The research work that we present in this paper is exploratory [8] as we aim to scope out the magnitude of Open Statistics and to provide and initial understanding about it. In general, exploratory research is research conducted for a problem that has not been clearly defined. It often occurs before we know enough to make conceptual distinctions or posit an explanatory relationship [9]. As a result, we include the following activities in our approach:

Study datasets from two open data portals at different administrative levels. In particular we focus on the UK’s national open data portal^{Footnote 2} and the European Union’s open data portal^{Footnote 3} and we study statistical datasets related to unemployment.
Review literature related to research areas overlapping with Open Statistics. In particular, we reuse existing knowledge from (a) Open Data because open statistical data is a major part of them, (b) Data Warehouse and Online Analytical Processing (OLAP) because data cube model seems appropriate to conceptualise OSD, (c) Statistics as a valuable way to create value out of OSD, and (d) Linked Data as a vital technological enabler to achieve the full potential of Open Statistics.

The rest of this paper is organised as follows. In Sect. 2 we present the existing situation in OSD. In Sect. 3 we present a major challenge for OSD reuse, namely data fragmentation. In Sect. 4 we outline the data cube model. In Sect. 5 we introduce Open Statistics and show how it is related to other fields of study. In Sect. 6 we illustrate the benefits of Open Statistics while in Sect. 7 we present the relevant challenges. Section 8 presents the main conclusions of the work and directions of future research.

2 Existing Situation

Today, opening government data is a political priority in many countries worldwide including the USA and the EU. As a result, an exponentially increasing amount of government data is rapidly opening. International organizations (such as the World Bank) also open up their data. A five-star model has been proposed by Tim Berners-Lee to evaluate the maturity of open data^{Footnote 4}.
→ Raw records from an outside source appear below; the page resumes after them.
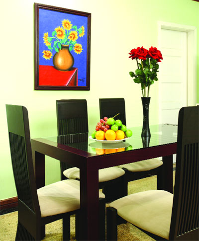 Căn hộ rộng 112m2, với ba phòng ngủ, ba toilet, chưa kể phòng khách, bar và gian bếp ấm cúng. Ban ngày, vợ chồng song “Ngọc” thường mở tung hết cửa sổ đón không gian thừa nắng và gió, mở ra những khoảng nhìn thoáng đãng tuyệt đẹp từ trên cao. Cũng tại không gian này, nhà MC Ngọc Nga đã giữ gìn một văn hóa nghe nhạc khá lãng mạn với dòng world music, jazz, flamenco.
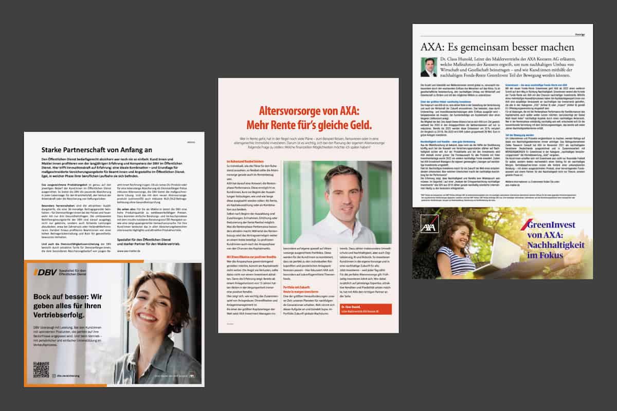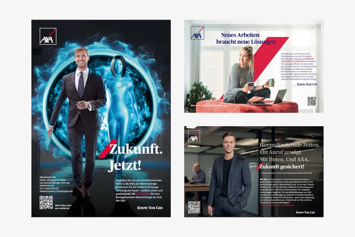 Als langjähriger Agenturpartner (u.a. 14 Jahre Verantwortlicher der AXA-Werbehotline – Vorgänger Werbe-Portal) sind wir mit der Marketing-Welt von AXA gut vertraut. Ob Maßnahmen für Endkunden oder Vertriebspartner – wir garantieren Ihnen schnelle und professionelle Umsetzungen unterschiedlichster Aufgaben – natürlich immer im Einklang mit den CD-Vorgaben von AXA. Nachfolgend finden sie einen Überblick über unsere Leistungen.
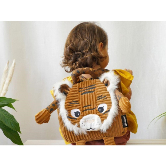Dětský batůžek z úžasně hebkého materiálu je ideálním prvním batůžkem pro holčičky i kluky. Samozřejmostí na batohu tygr jsou nastavitelné ramenní popruhy, polstrovaná rukojeť, zapínání na zip i jmenovka uvnitř batůžku..
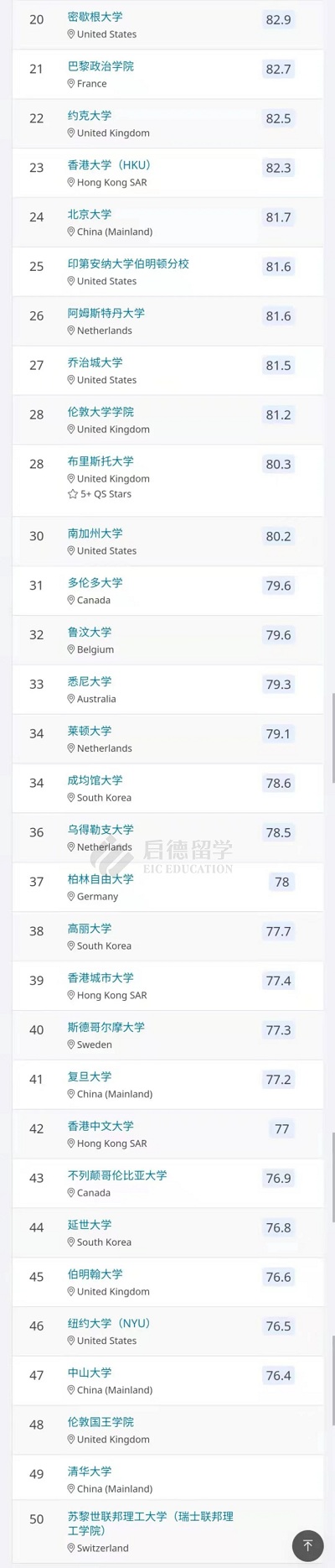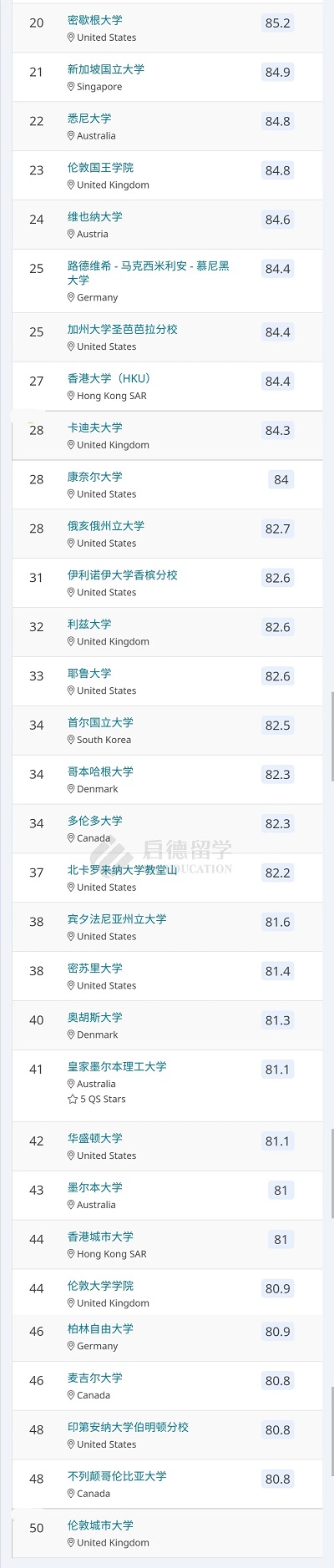 2021QS世界大学学科排名看不懂?来看看启德专业解读
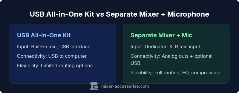 Two popular pathways exist for small studios and hobby setups. USB all-in-one kits pair a basic mixer-like interface with a built-in microphone or a single USB mic, delivering plug-and-play simplicity. The alternative is a separate mixer with an external microphone chosen for your needs; this route typically demands more setup but unlocks deeper routing, EQ, and higher fidelity. The choice hinges on whether you value speed and portability or control and expandability. In practice, most beginners start with a USB kit for ease, then migrate to a separate mixer and microphone as their goals become more ambitious.
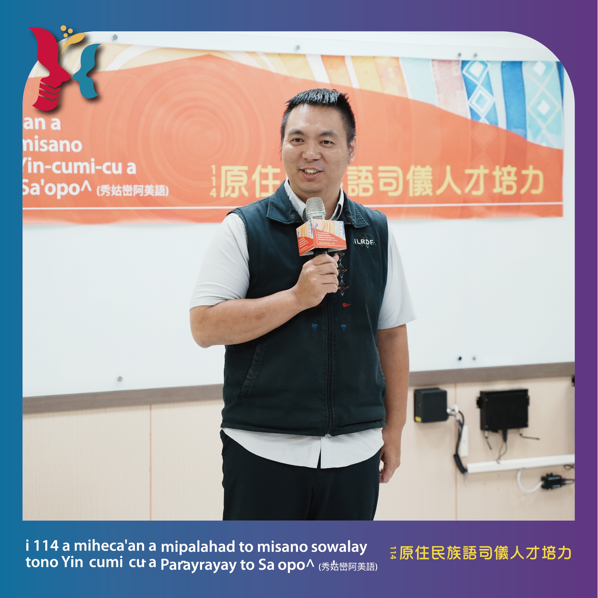 本基金會執行長 Lowking Nowbucyang許韋晟在結業式中指出:「恭喜所有學員順利通過司儀人才培力課程,在去(113)年結訓的學員中,已有多位受邀在重要活動擔任族語司儀。例如在今年的臺中國際兒少書展中,原語會就邀請了受培力的優秀學員主持活動,實際展現課程成果與舞台實力。這樣的實戰經驗非常重要,因為每一場主持都是成長的歷程,族語不只是學會說,而是學會在不同的情境中靈活應用,這才是真正的文化傳承。」

More specifically, OSD is currently provided by governments and organisations through data portals at the international, European, national or regional level. At the international level, organisations provide OSD related to countries in data portals such as the World Bank data portal^{Footnote 5}, the Organisation for Economic Cooperation and Development (OECD) data portal^{Footnote 6} and the United Nations Educational, Scientific and Cultural Organisation (UNESCO) data portal^{Footnote 7}. At the European level, OSD are provided through the official European Data Portal^{Footnote 8} and the data portal of Eurostat^{Footnote 9}. At the national level, OSD are provided by the national open data portals (e.g. the data.gov.uk in the UK) but also by the National Statistical Offices (e.g. the Office for National Statistics^{Footnote 10} in the UK). Finally, at the regional level, OSD are published by local agencies, cities or even boroughs of cities in local data portals such as the data portal of the city of Brussels^{Footnote 11} and the data portal of the Camden borough of London^{Footnote 12}. Finally, data portals also serve as single points of access and, apart from providing data regarding their administrative level, they also provide links to datasets that are published at data portals of lower levels.
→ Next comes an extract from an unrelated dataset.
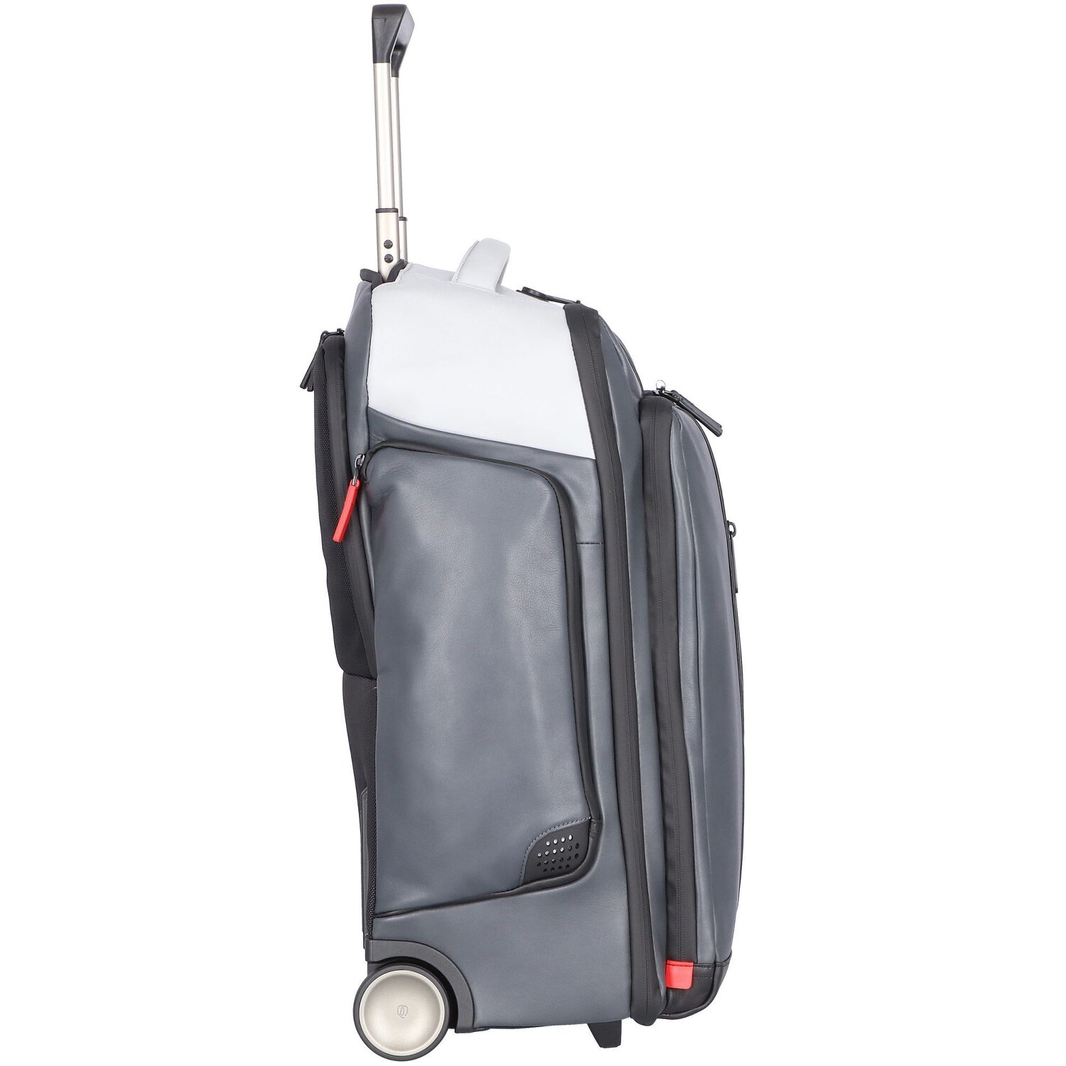2-Rollen Businesstrolley von Piquadro der Urban Serie aus hochwertigem Leder mit Rucksackfunktion und arretierbarem Griff. Das Hauptfach mit Kreuzpackgurt bietet genug Platz für eine Geschäftsreise und kann bei den meisten Fluggesellschaften als Handgepäck genutzt werden. Das Reißverschlussfach auf der Front ist mit einem gepolstertem Laptop- und Tabletfach ausgestattet. Im Hauptfach kann eine Powerbank angeschlossen werden, welche mit Kabeln mit dem Seitenfach verbunden ist, sodass Sie bequem ihre Geräte laden können.

3 Open Statistical Data Fragmentation

As already stated, a large part of open data are numerical thus potentially easy to process and visualise. In reality however studies suggest that open data reuse is limited. In this section, we investigate practical obstacles for OSD reuse. We do not consider obstacles related to legal and organisational issues at the side of the publishers. Instead, we concentrate on the side of the end user, who is interested to reuse open data.

For the purposes of this research, we searched two major open government data portals, namely the UK data portal and the European data portal. In both case, according to our scenario, we were interested to reuse open data about unemployment.

We first searched the UK data portal for datasets using the keyword unemployment. This resulted in 122 results, which provided access to 56 files and 610 links to other portals (e.g. to the UK’s Office for National Statistic) and thus to other files. We opened and examined these files one by one and find out that only 13 out of 56 are relevant to unemployment and that 7 out of 13 provide structured numeric values in a machine readable format.

Most importantly, however, those datasets measure unemployment based on different characteristics (also called dimensions). For example, we found datasets for unemployment in different geospatial levels (e.g. in the city of London, in the Camden borough, or in the different wards of Camden), age groups, gender or time duration (e.g. annual, quarterly or monthly unemployment). Relative datasets also measure unemployment using different units of measure (e.g. unemployment rate or thousands of unemployed people). Finally, different datasets may employ different methods for measuring unemployment e.g. based on the UK’s Office for National Statistics (OSN) estimations, based on the number of people that claim Job Seekers Allowance (JSA) or based on the International Labour Organization’s (ILO) model.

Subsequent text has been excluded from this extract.